NXOntology data: making ontologies accessible as simple JSON files
This repository imports public ontologies/taxonomies into Python NXOntology objects and writes the ontologies in the JSON-based node-link data format. The goal is to standardize and simplify data access to ontologies.
For ontologies that have been imported into NXOntology and exported to JSON,
see the output/*
branches on GitHub,
for example output/pubchem
.
Once you find the ontology you'd like to read,
you can read in Python
(after installing any dependenies like pip install nxontology
):
# URL to the exported dataset.
# Here we read the ChEMBL protein/target classification hierarchy.
url = "https://github.com/related-sciences/nxontology-data/raw/output/pubchem/087_chembl_target_tree.json"
# Versioning with the commit hash is a good idea, since we might change the branch structure where data is stored.
url = "https://github.com/related-sciences/nxontology-data/raw/71cf538dc5c258ada880d58663b0205b7b7f8561/087_chembl_target_tree.json"
# To read as an NXOntology object,
# which encapsulates the networkx graph.
# Will also work for the gzip compressed files.
from nxontology import NXOntology
nxo = NXOntology.read_node_link_json(url)
# To read as a networkx.DiGraph
import requests
from networkx.readwrite.json_graph import node_link_graph
digraph = node_link_graph(requests.get(url).json())
Sources
The data sources that are currently imported are listed below.
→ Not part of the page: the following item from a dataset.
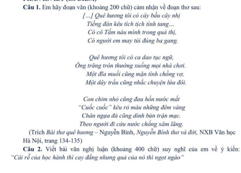 Đoạn thơ trong Bài thơ quê hương của Nguyễn Bính là một bức tranh tuyệt đẹp và đầy cảm xúc về quê hương, nơi lưu giữ những giá trị văn hóa, truyền thống và tình cảm sâu đậm của người Việt Nam. Mở đầu đoạn thơ, hình ảnh "cây bầu cây nhị" và "tiếng đàn kêu tích tịch tình tang" gợi lên vẻ đẹp dung dị, mộc mạc của cuộc sống thôn quê. Những thanh âm nhẹ nhàng ấy như một bản hòa ca bình yên, đưa người đọc trở về với miền ký ức tuổi thơ, nơi đầy ắp những kỷ niệm đẹp. Hình ảnh "cô Tấm náu mình trong quả thị" và "người em may túi đúng ba gang" không chỉ làm sống dậy những câu chuyện cổ tích thân thuộc mà còn gợi lên sự gần gũi, quen thuộc trong tâm thức người Việt. Đặc biệt, tình yêu thương, gắn bó trong đời sống gia đình và lứa đôi được khắc họa qua hình ảnh "một đĩa muối cũng mặn tình chồng vợ" và "một dây trầu cũng nhắc chuyện lứa đôi". Những câu thơ giàu tính biểu tượng này nhấn mạnh giá trị của sự thủy chung, tình nghĩa trong đời sống con người. Bên cạnh đó, tác giả cũng thể hiện nỗi đau xót trước vận mệnh đất nước qua tiếng kêu "cuốc cuốc" của "con chim nhỏ", như một lời ai oán vang vọng giữa đêm vàng, nhắc nhở những mất mát đau thương mà dân tộc phải chịu đựng. Kết thúc đoạn thơ là hình ảnh "chân ngựa đá cũng dinh bùn trận mạc", một biểu tượng cho tinh thần chiến đấu kiên cường, bất khuất của nhân dân ta trong những năm tháng kháng chiến chống giặc ngoại xâm. Nguyễn Bính không chỉ tái hiện quê hương bằng những hình ảnh thân thuộc mà còn gửi gắm trong đó tình yêu nước nồng nàn, niềm tự hào dân tộc và tinh thần lạc quan, tin tưởng vào tương lai. Đoạn thơ vì thế không chỉ đẹp về hình thức mà còn sâu sắc về ý nghĩa, làm rung động trái tim người đọc và gợi lên tình cảm yêu quê hương đất nước mãnh liệt.

Please open an issue if you are interested in contributing support for additional sources.
MeSH
MeSH (Medical Subject Headings) is created by the National Library Medicine and integrated into many projects including PubMed. See nxontology_data/mesh for a detailed README.
PubChem
We import ontologies from the PubChem Classifications service (see browser & docs). Most ontologies indexed by service do not originate with PubChem, but PubChem provides convenient and standardized bulk access.
Development
# Install the environment
poetry install --no-root
# Update the lock file
poetry update
# Run tests
pytest
# Set up the git pre-commit hooks.
# `git commit` will now trigger automatic checks including linting.
pre-commit install
# Run all pre-commit checks (CI will also run this).
pre-commit run --all
License
This source code in this repository is released under an Apache License 2.0 License
(see LICENSE.md).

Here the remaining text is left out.